Task details –
The material below has pictures in it. Set down only the lines from the line containing "海口市五源河体育中心体育场附" through the line containing "Платье А-силуэта. По", word for word, and leave the pictures behind.

Exercise material –
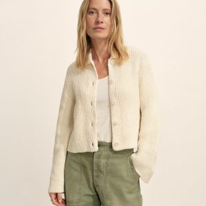Relaxed, rib-stitched collared cardigan made from a lofty 5 guage cotton. Garment washed for a lived in, vintage feel and completed with corozo buttons and an easy, slightly laid back silhouette.
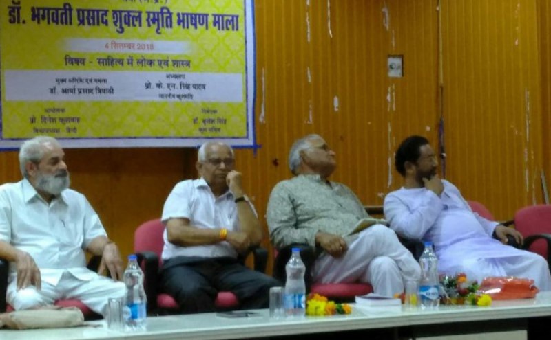 विश्वविद्यालय के पं. शंभूनाथ शुक्ल सभागार में आयोजित भाषणमाला में प्रो. त्रिपाठी ने बघेलखंड से व्याप्त कई लोकगीतों का उदाहरण भी दिया। उन्होंने डॉ भगवती प्रसाद शुक्ल को याद करते हुए कहा कि डॉ. भगवती प्रसाद अनोखे व्यक्तित्व के धनी रहे। उनके द्वारा रचित बघेली साहित्य अद्भुत रहा है। विशेष बात यह रही कि उन्होंने आदिवासियों की बीच जाकर लोकगीत संग्रहीत किया। प्रो. आर्या प्रसाद त्रिपाठी ने डॉ. शुक्ल को नई पीढ़ी के लिए प्रेरणास्रोत बताया।
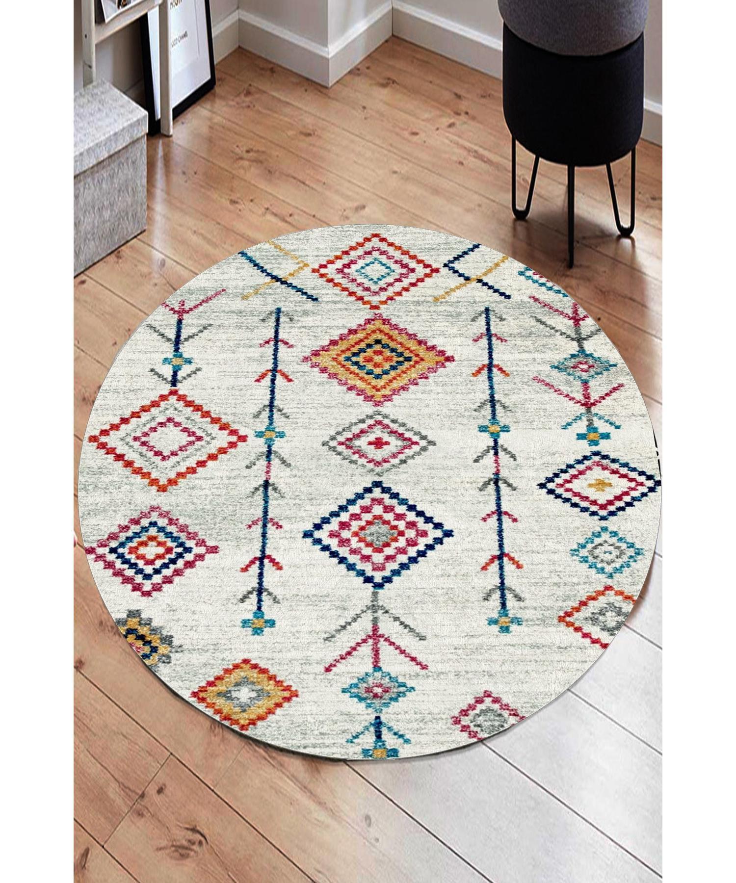 Современный круглый ковер с квадратным узором Cappio (НЕСКОЛЬЗЯЩАЯ КОЖАНАЯ ОСНОВА, ПРИГОДНАЯ МАШИННАЯ СТИРКА) - cp658
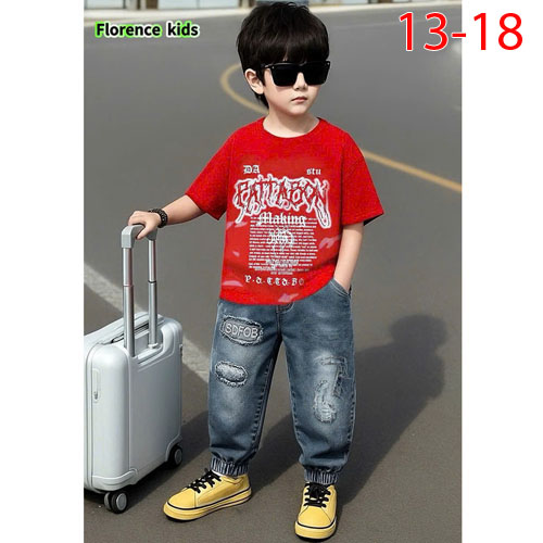 A477880 - Sét bộ style năng động cá tính cho bé trai áo thun cotton 4c in chữ quần jean bo lai dài_S
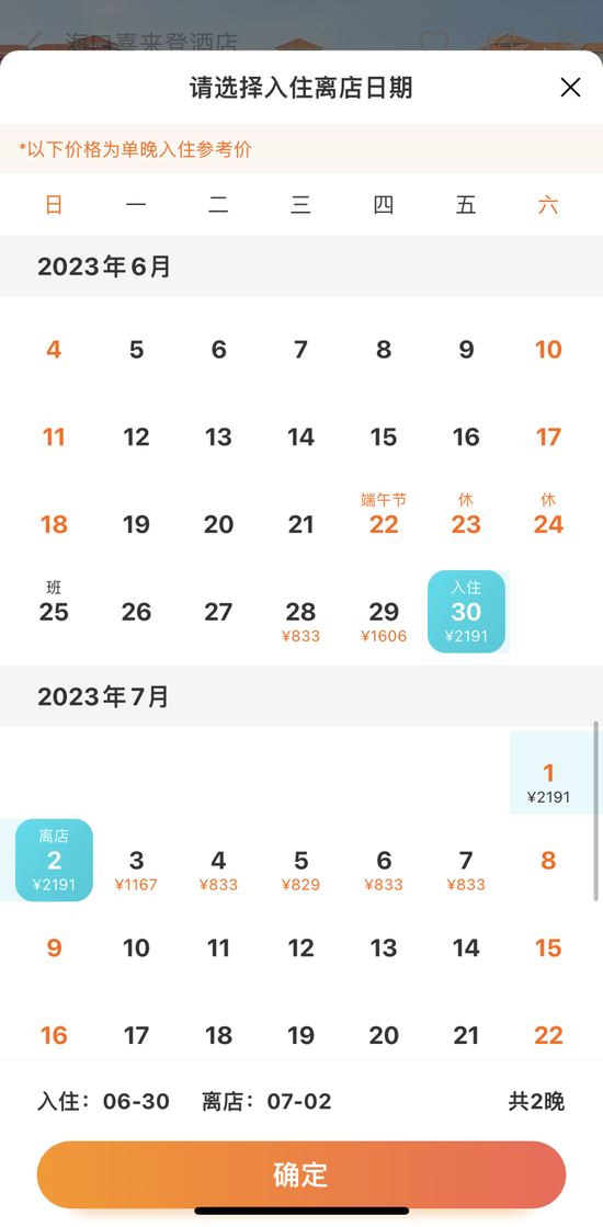 海口市五源河体育中心体育场附近的酒店也出现价格翻倍现象。比如,海口喜来登酒店6月30日-7月2日的房间价格,最低为2198元,而在此前后几天,该酒店价格在833元左右;海口雅特国际会议中心酒店6月30日的价格为2805元起,最高价位的房型为4505元起,而该酒店平时6月、7月的价格为最低965元。
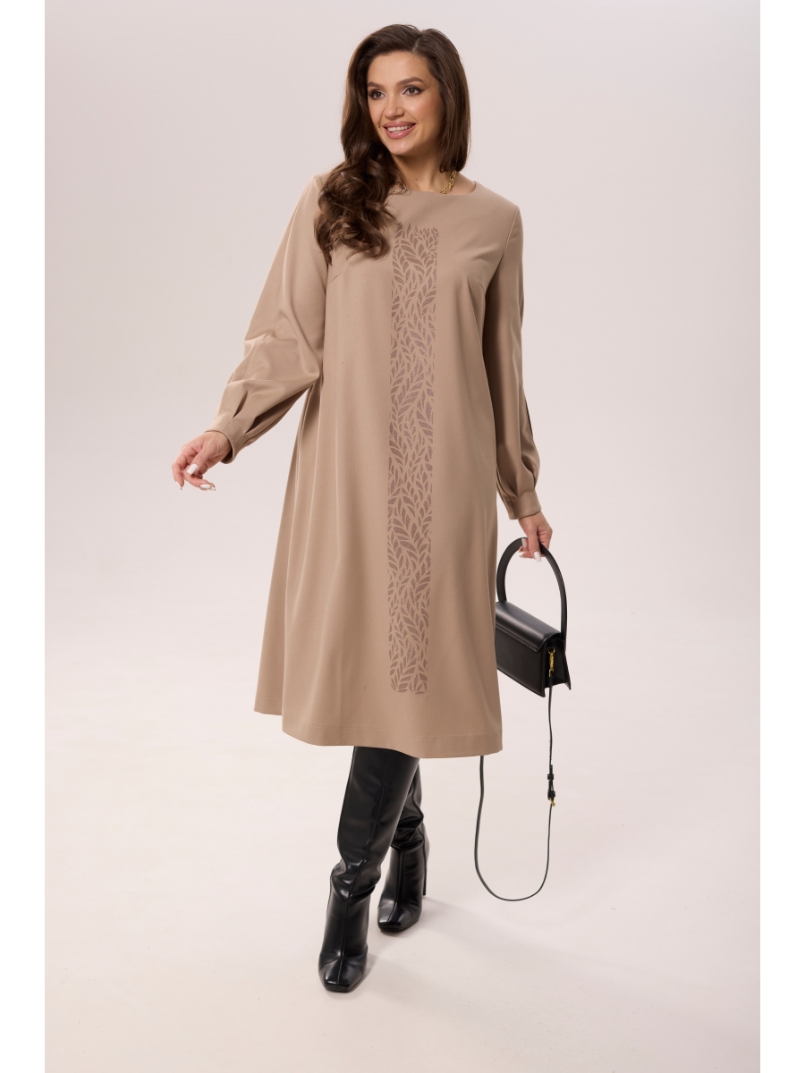 Платье А-силуэта. По спинке средний шов с застежкой на потайной молнии. По переду нагрудные вытачки. Рукав втачной с декоративными складками по низу. По центру переда декоративная печать.
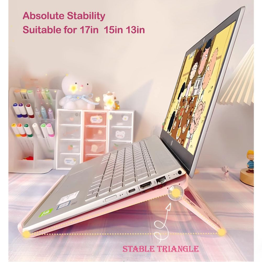 💻SUPER STABLE: The laptop stand with super stable triangle design can support all computers within 17 inches(Such as MacBook Pro Air 13''/16''/15'', Powerbook, Lenovo Thinkpad, Dell /Precision, HP, Microsoft Surface, Acer, ASUS, Google Chromebook etc.). This laptop Desk holder never wobble during use. You can rest your hands on the keyboard to type and this laptop stand is very quiet, suitable for home, office, library, meeting room, Coffee shop 💻UNRESTRICTED USE ANGLE: This laptop stand can be adjusted from 0°-130°(Adjustable height range:68mm-110mm). You can adjust the angle according to your needs. This design is ergonomic and relieves shoulder and neck pain. It’s connection has non-slip silicone, which is very firm. It is much more practical than a laptop holder with only 6 adjustment angles 💻HOLLOW HEAT DISSIPATION DESIGN: The entire surface of the panel of the laptop Mount is hollowed out with diagonal stripes to help the computer dissipate heat. The whole bracket is made of high-quality ABS material. This material will not absorb heat or become hot, and will not harm the computer 💻ANTI-SLIP DESIGN: There is super anti-slip silicone on the edge of the adjustable notebook stand. The bottom of the laptop stand is a "C" shape, and there is also non-slip silicone. The double protection makes the laptop more stable on the stand. This laptop mount holds the laptops, tablets, projectors, menu, music books, magazines etc. 【Gift Cord Organizer x 2】 💻ULTRA-THIN AND PORTABLE DESIGN: The size of the laptop riser: 24.5cm × 24.5cm × 4cm (9.6'' × 9.6'' × 1.5''). This foldable laptop stand is smaller than a 13-inch laptop, and can be easily carried in a laptop bag or briefcase. Compatible for business trip, travel, and outing use. Suitable for students, teachers, white-collar workers, programmers, and people who use computers frequently

Result for this task –
 海口市五源河体育中心体育场附近的酒店也出现价格翻倍现象。比如,海口喜来登酒店6月30日-7月2日的房间价格,最低为2198元,而在此前后几天,该酒店价格在833元左右;海口雅特国际会议中心酒店6月30日的价格为2805元起,最高价位的房型为4505元起,而该酒店平时6月、7月的价格为最低965元。
 Платье А-силуэта. По спинке средний шов с застежкой на потайной молнии. По переду нагрудные вытачки. Рукав втачной с декоративными складками по низу. По центру переда декоративная печать.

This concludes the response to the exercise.